::: DATASET EXTRACT :::
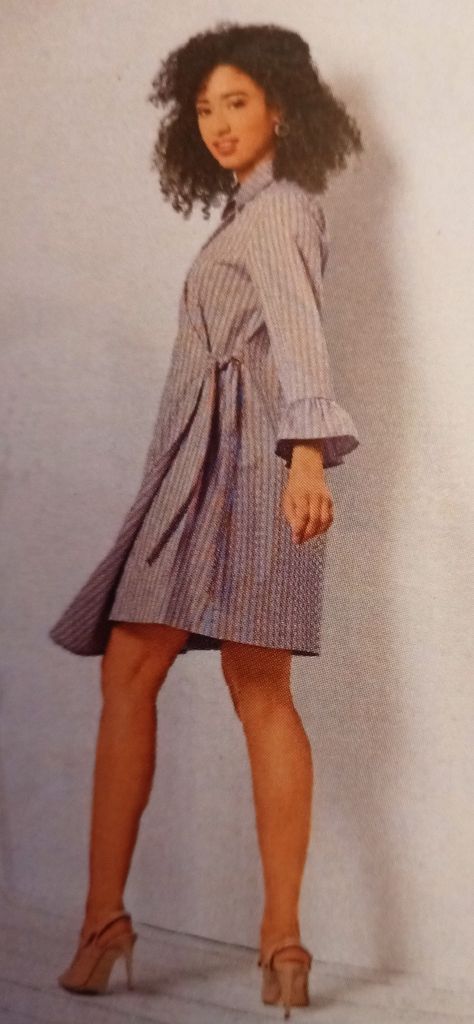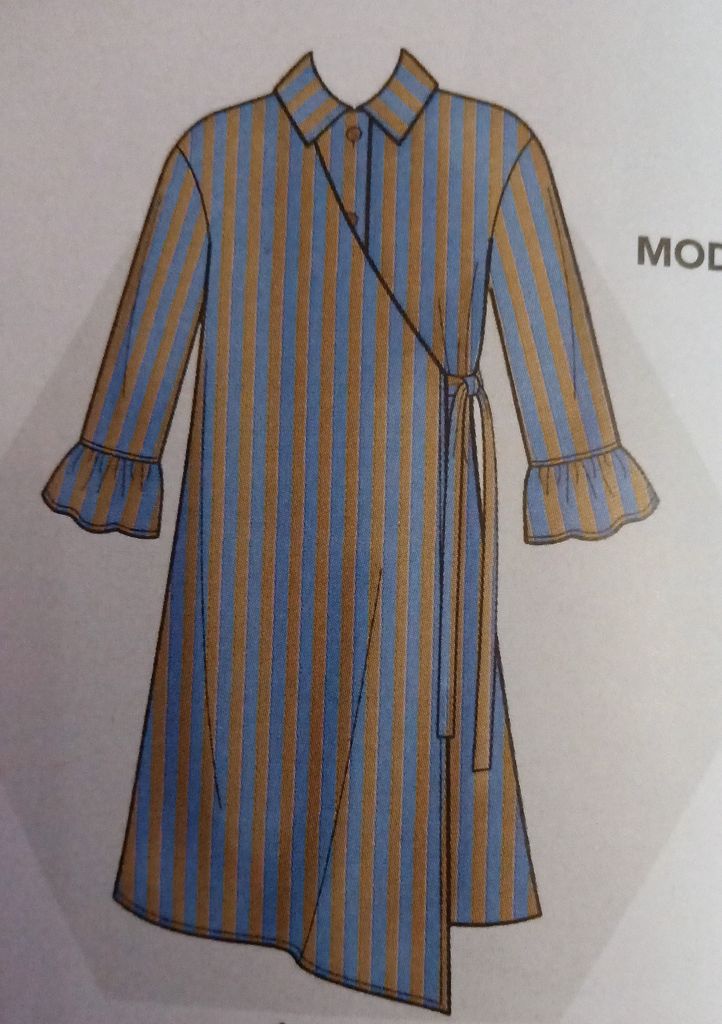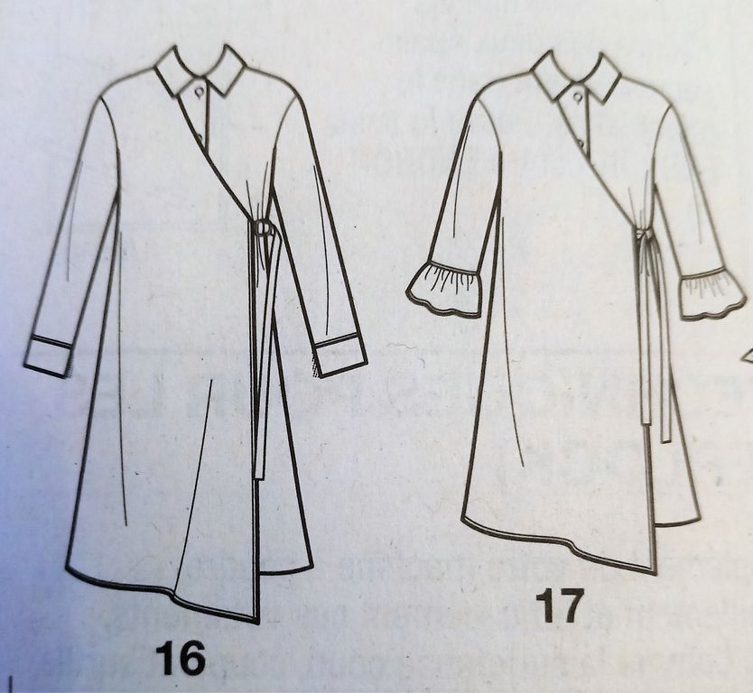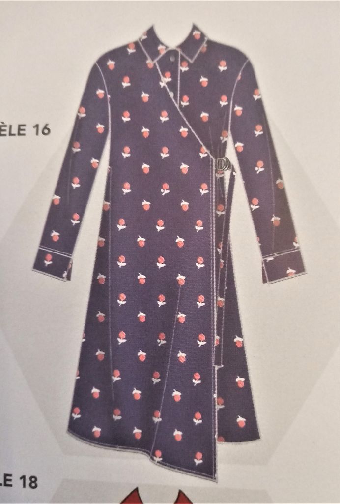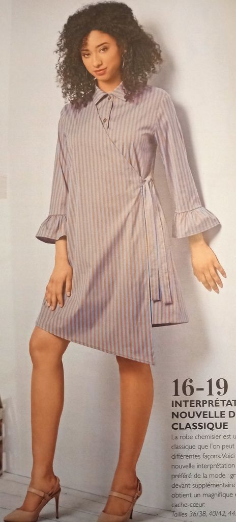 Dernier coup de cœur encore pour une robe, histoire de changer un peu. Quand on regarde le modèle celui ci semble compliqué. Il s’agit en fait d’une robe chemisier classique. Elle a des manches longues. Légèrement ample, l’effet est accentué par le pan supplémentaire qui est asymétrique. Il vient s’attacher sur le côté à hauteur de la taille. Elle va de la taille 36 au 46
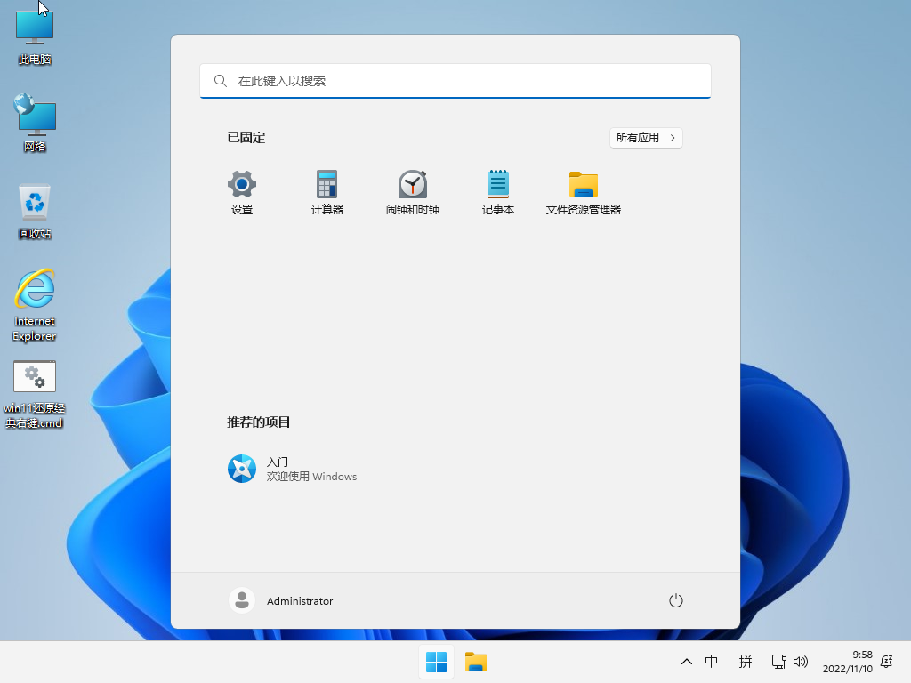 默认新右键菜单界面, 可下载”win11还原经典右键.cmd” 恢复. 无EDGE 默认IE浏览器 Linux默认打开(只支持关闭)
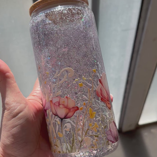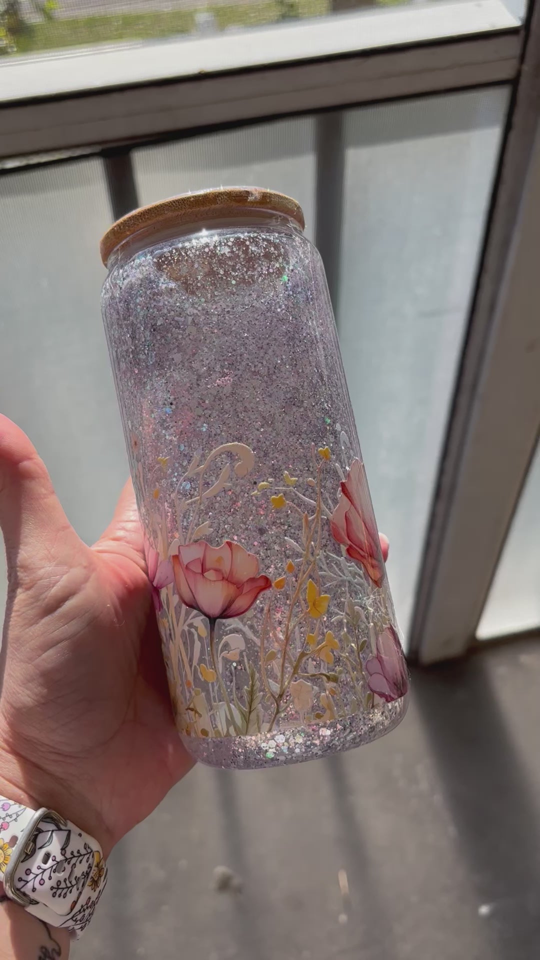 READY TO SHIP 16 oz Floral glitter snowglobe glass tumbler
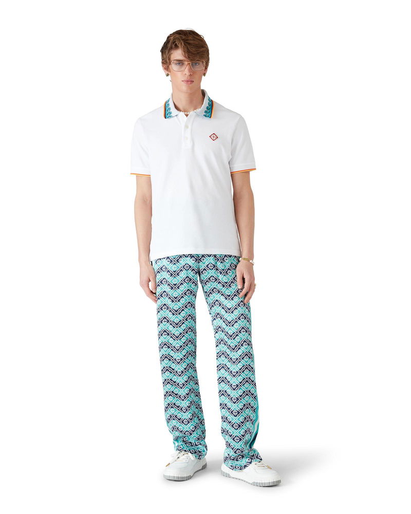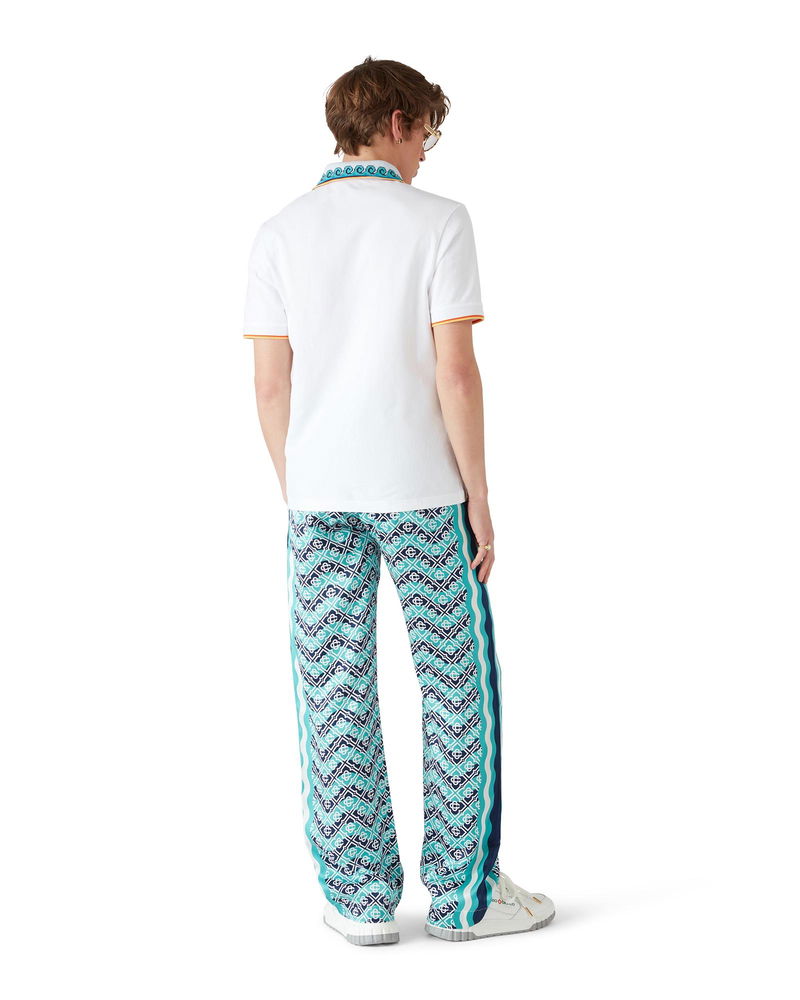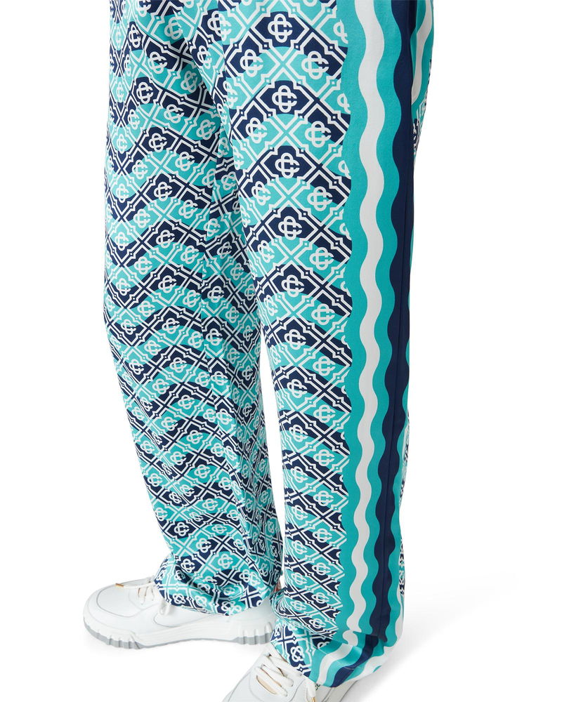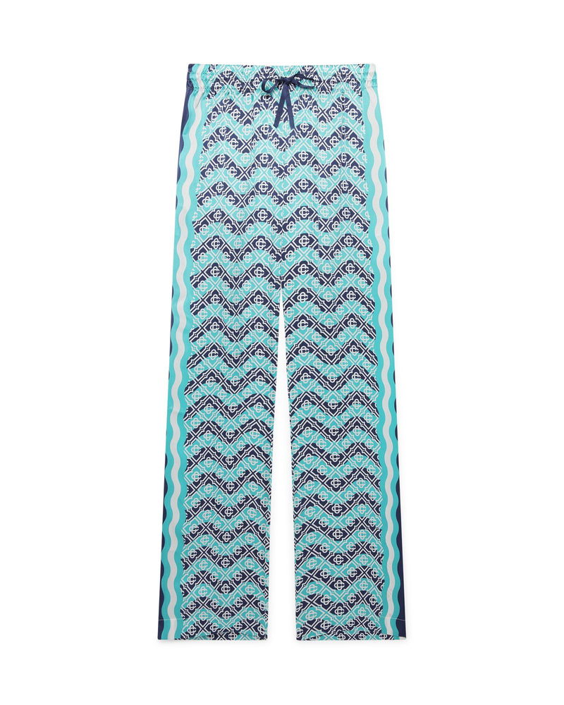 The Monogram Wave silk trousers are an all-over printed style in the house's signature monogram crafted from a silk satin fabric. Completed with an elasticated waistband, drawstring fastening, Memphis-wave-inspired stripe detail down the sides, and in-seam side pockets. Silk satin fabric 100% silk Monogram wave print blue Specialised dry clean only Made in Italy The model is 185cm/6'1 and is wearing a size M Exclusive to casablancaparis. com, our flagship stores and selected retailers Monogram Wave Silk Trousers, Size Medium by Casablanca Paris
:::
» **WORK TO COMPLETE**: Without the pictures, copy the material exactly as given.

» **TASK ANSWER**:
 Dernier coup de cœur encore pour une robe, histoire de changer un peu. Quand on regarde le modèle celui ci semble compliqué. Il s’agit en fait d’une robe chemisier classique. Elle a des manches longues. Légèrement ample, l’effet est accentué par le pan supplémentaire qui est asymétrique. Il vient s’attacher sur le côté à hauteur de la taille. Elle va de la taille 36 au 46
 默认新右键菜单界面, 可下载”win11还原经典右键.cmd” 恢复. 无EDGE 默认IE浏览器 Linux默认打开(只支持关闭)
 READY TO SHIP 16 oz Floral glitter snowglobe glass tumbler
 The Monogram Wave silk trousers are an all-over printed style in the house's signature monogram crafted from a silk satin fabric. Completed with an elasticated waistband, drawstring fastening, Memphis-wave-inspired stripe detail down the sides, and in-seam side pockets. Silk satin fabric 100% silk Monogram wave print blue Specialised dry clean only Made in Italy The model is 185cm/6'1 and is wearing a size M Exclusive to casablancaparis. com, our flagship stores and selected retailers Monogram Wave Silk Trousers, Size Medium by Casablanca Paris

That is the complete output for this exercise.